FinCEN Advisory to Financial Institutions on E-Mail Compromise Fraud Schemes
September 07, 2016 / Source: FinCEN
Issued: September 06, 2016
Subject: Advisory to Financial Institutions on E-Mail Compromise Fraud Schemes Criminals are actively using e-mail schemes to defraud financial institutions and their customers—billions of dollars in possible losses.
The Financial Crimes Enforcement Network (FinCEN) is issuing this advisory to help financial institutions guard against a growing number of e-mail fraud schemes in which criminals misappropriate funds by deceiving financial institutions and their customers into conducting wire transfers. This advisory also provides red flags—developed in consultation with the Federal Bureau of Investigation (FBI) and the U.S. Secret Service (USSS)—that financial institutions may use to identify and prevent such e-mail fraud schemes.
E-mail Compromise Fraud:
Schemes in which criminals compromise the e-mail accounts of victims to send fraudulent wire transfer instructions to financial institutions in order to misappropriate funds. The main types of e-mail compromise fraud include:
Business E-mail Compromise (BEC):
Targets a financial institution’s commercial customers.

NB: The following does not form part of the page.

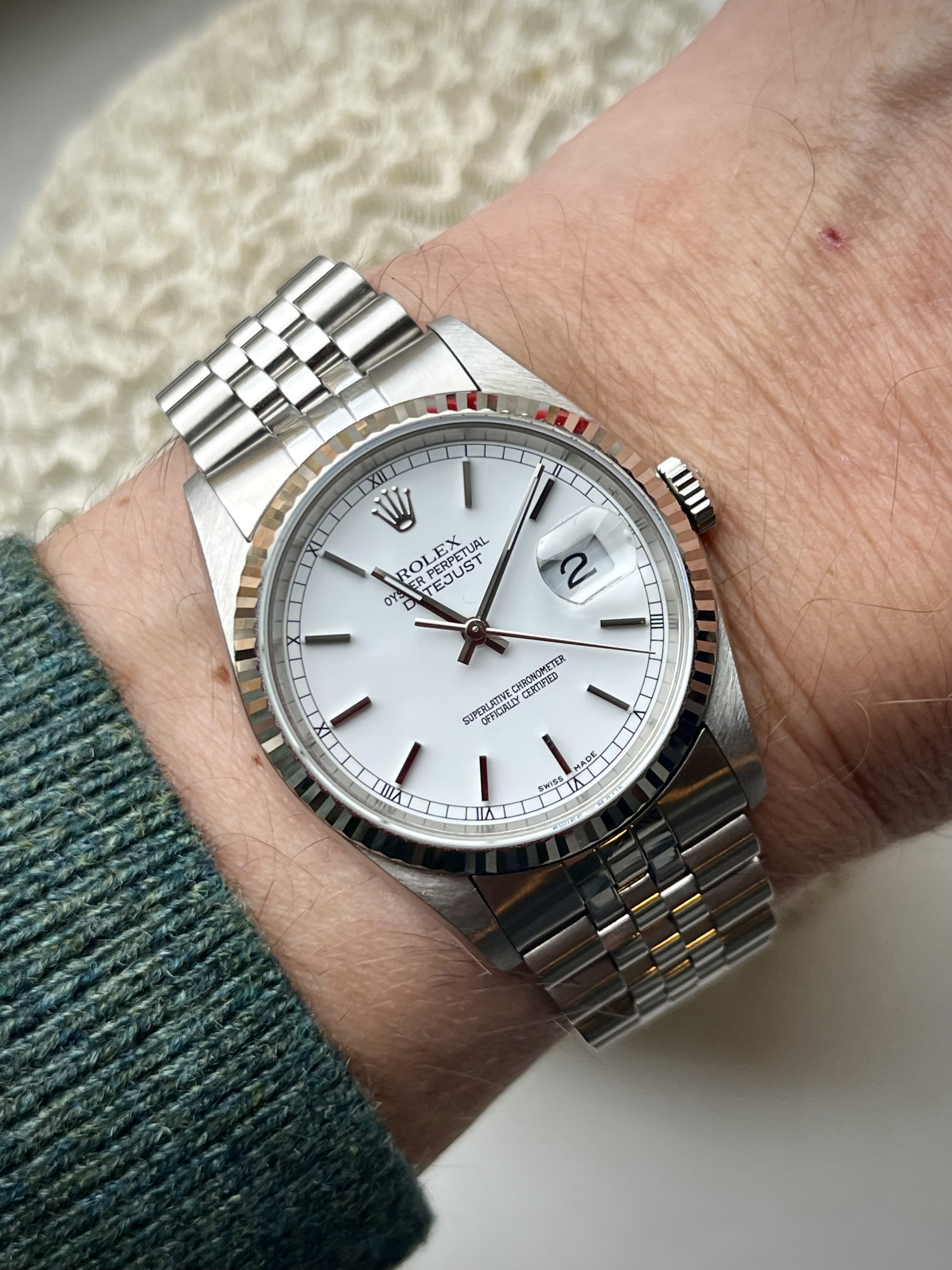De 36mm Datejust heb ik nooit als een klein horloge ervaren als ik ‘m bij iemand anders om de pols zag, en ook niet toen ik ‘m in de etalage bewonderde. In de hand leek de Datejust vrij klein, maar om de pols verdween dit gevoel en was hij echt perfect!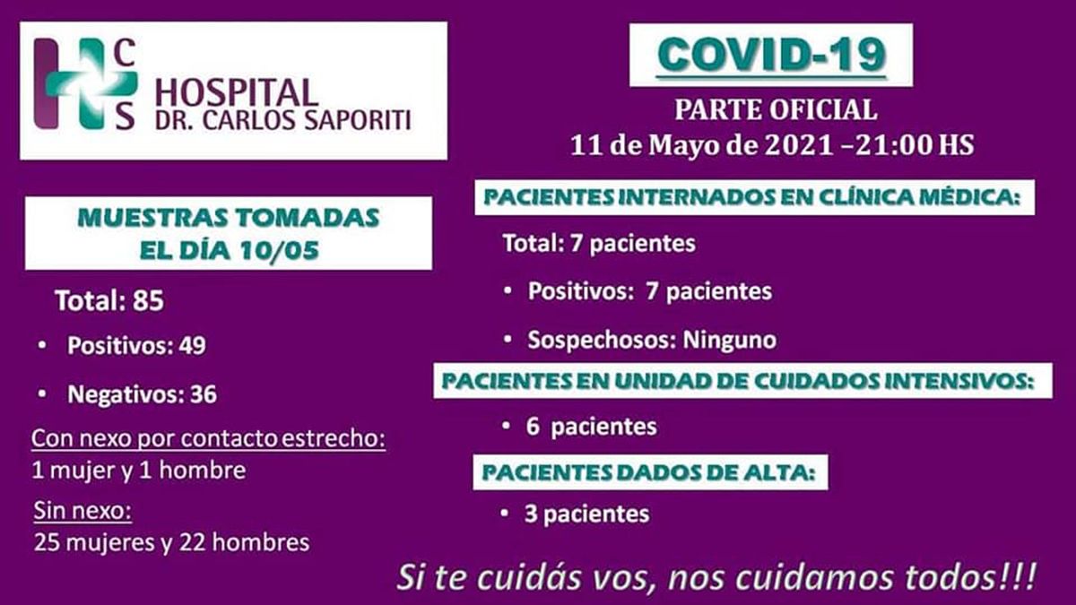 Pero los números en el Hospital Humberto Saporiti, de Rivadavia, fueron aún más preocupantes. De un total de 85 testeos, 49 resultaron positivos a Covid-19 y solo 36 fueron negativos, con el agravante de que solo dos casos fueron dados como positivos por contacto estrecho.

E-mail Account Compromise (EAC):
Targets a victim’s personal accounts.
BEC and EAC schemes are among the growing trend of cyber-enabled crime adversely affecting financial institutions. Since 2013, there have been approximately 22,000 reported cases of BEC and EAC fraud involving $3.1 billion.1 In some cases, financial institutions have absorbed losses through reimbursing customers victimized by e-mail compromise fraud. Financial institutions can play an important role in identifying, preventing, and reporting fraud schemes by promoting greater communication and collaboration among their internal anti-money laundering (AML), business, fraud prevention, and cybersecurity units.